It makes you question what they mean by discovery. Is it not a discovery until it is published in Nature? On Arxiv this was a discovery in 2021. We can probably find a free energy channel in the YouTube haystack from a decade ago where the guy happened to arrange magnets in this order while going through permutations. Is that discovery or are only incumbent academics allowed to canonize science?
This is not really as simple as just going through the permutations. What this is in practice is a triumph of instrumentation. Before this, no one has imaged altermagnetic domain structure. The behaviour of these materials is intrinsically linked to what happens in the micro- (or nano-) structure.
There are two challenging things here that makes this a discovery. One, making the material, which is extremely difficult to verify as altermagnetic due to the nature of measuring these materials. Two, the measurement, which combines two techniques to distinguish this as separate from antiferromagnetism.
It is a huge push forwards for the budding field since it provides a really nice way to go to a large-scale synchrotron with your altermagnet and study it in detail.
They didn't use macroscopic magnets to form the alternate pattern or the swirls, and they are stable. If you have a link to a YouTube Channel with a similar result, it would be nice to see it.

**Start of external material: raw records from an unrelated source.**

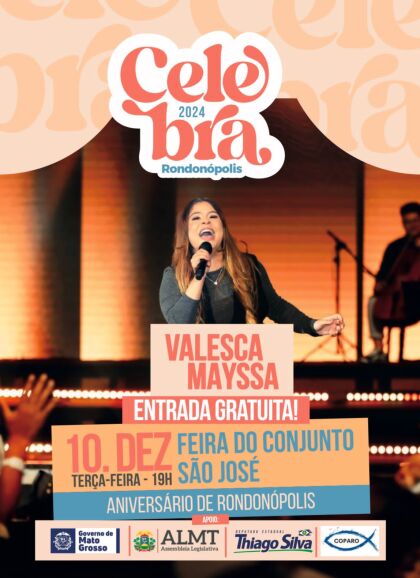 Rondonópolis comemora o seu aniversário com a segunda edição do "Celebra Rondonópolis", no dia 10 de dezembro, às 19h, na feira do Conjunto São José, com a participação especial da cantora gospel Valesca Mayssa. O evento vai proporcionar uma noite de adoração e louvor para toda a comunidade, sendo uma proposta idealizada pelo deputado estadual Thiago Silva (MDB), com o apoio do Conselho de Pastores, da Assembleia Legislativa e da Secretaria de Estado da Cultura de Mato Grosso (Secel).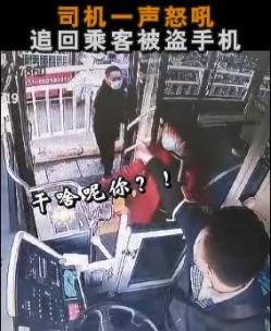 ▲11月12日,河南郑州,公交司机张师傅驾车行驶进站时,一男子趁女乘客上车时偷手机。张师傅立即指着男子大声喝斥:干啥呢你!放那儿!男子赶紧将手机还给女乘客。网友:司机师傅干得漂亮!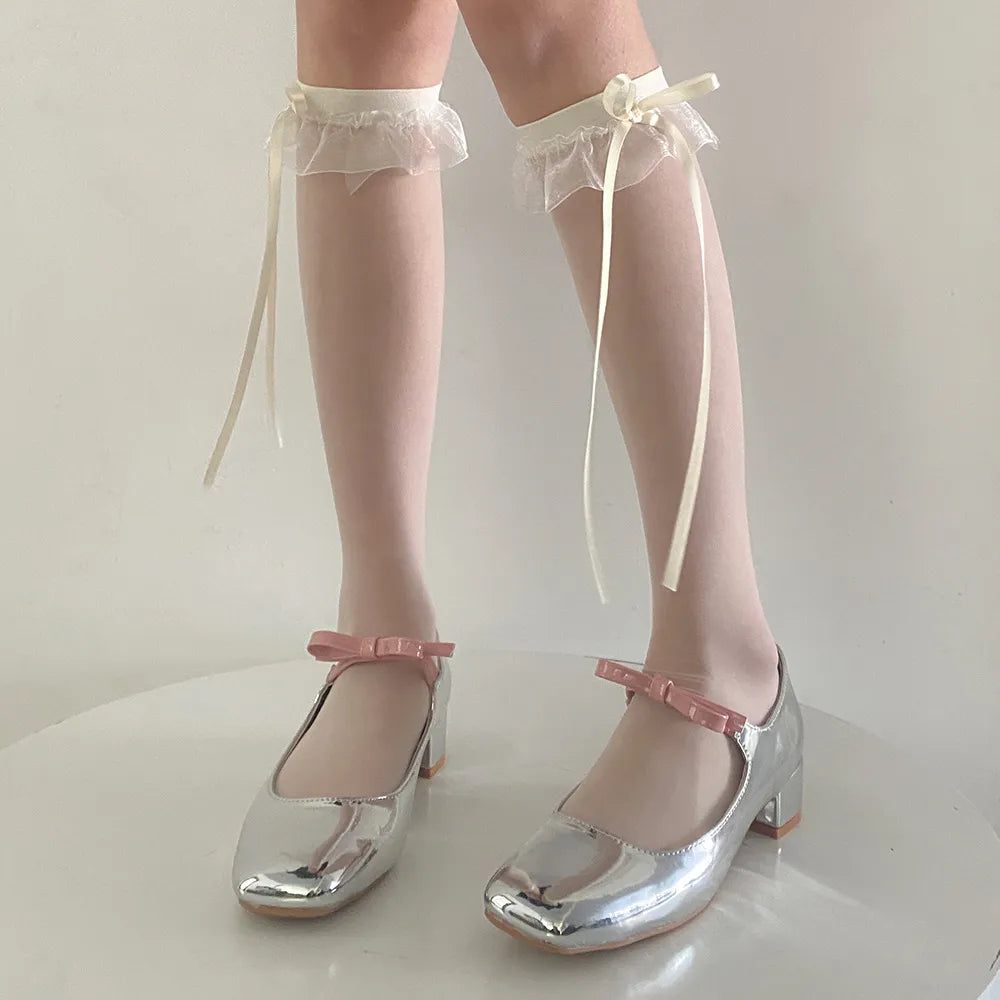 LIZAKOSHT Summer Ultra-thin Transparent Nylon Long Socks Stockings JK Lolita Lace Ruffles Knee Socks Japanese Style Ribbon Bow Stockings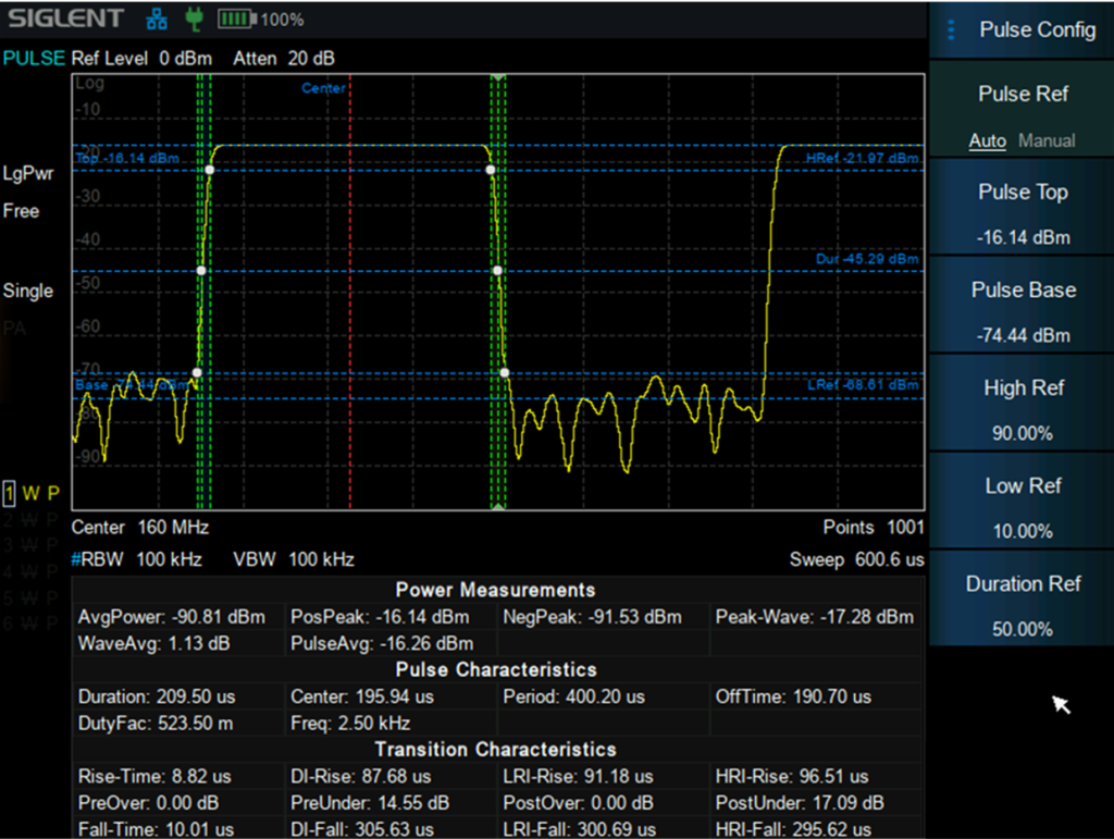 The pulse analysis function featuring 10,001 measurement points to evaluate power, pulse transitions, and signal characteristics using multiple detection modes (positive/negative peak, sample, average, and conventional). This ensures rigorous validation of RF device performance in real-world conditions.

Also, do you have a link to the arxiv post of 2021? It's a lot of time. This article looks like studing how to "see" the pattern. Perhaps the old one was about the material and general properties.
It's probably not groungbreaking. The title is misleading.
It's just a new arrangement of the spins in material. It may be useful to get better transformer or something, like improve them 1%, or in 30 years it may cause a huge unexpected thechnology revolution and my comment would look silly. There are similar discoveries of new materials with weird properties every month. Unless you work in that area, it is probably safe to ignore it for the next 10 years until it has some aplications. (Or you may enjoy reading the technical details.)
Welcome to the post science world
There's definitely fatigue around science news where media orgs massively over inflate or prematurely celebrate. Without actually being in the field yourself it's impossible to tell if any discovery is a nothingburger, 20 years away from meaning anything, or about to change the world. And most of the time it's the first two.
Currently my source of truth is Sabine Hossenfelder, on YouTube. Worth a look.
EDIT: she has a video on this[0] from 9 months ago! There you go.
That's true, but I was more commenting on the loss of science from the public subconscious and our media outside of 7 second tiktok videos that link to current trends.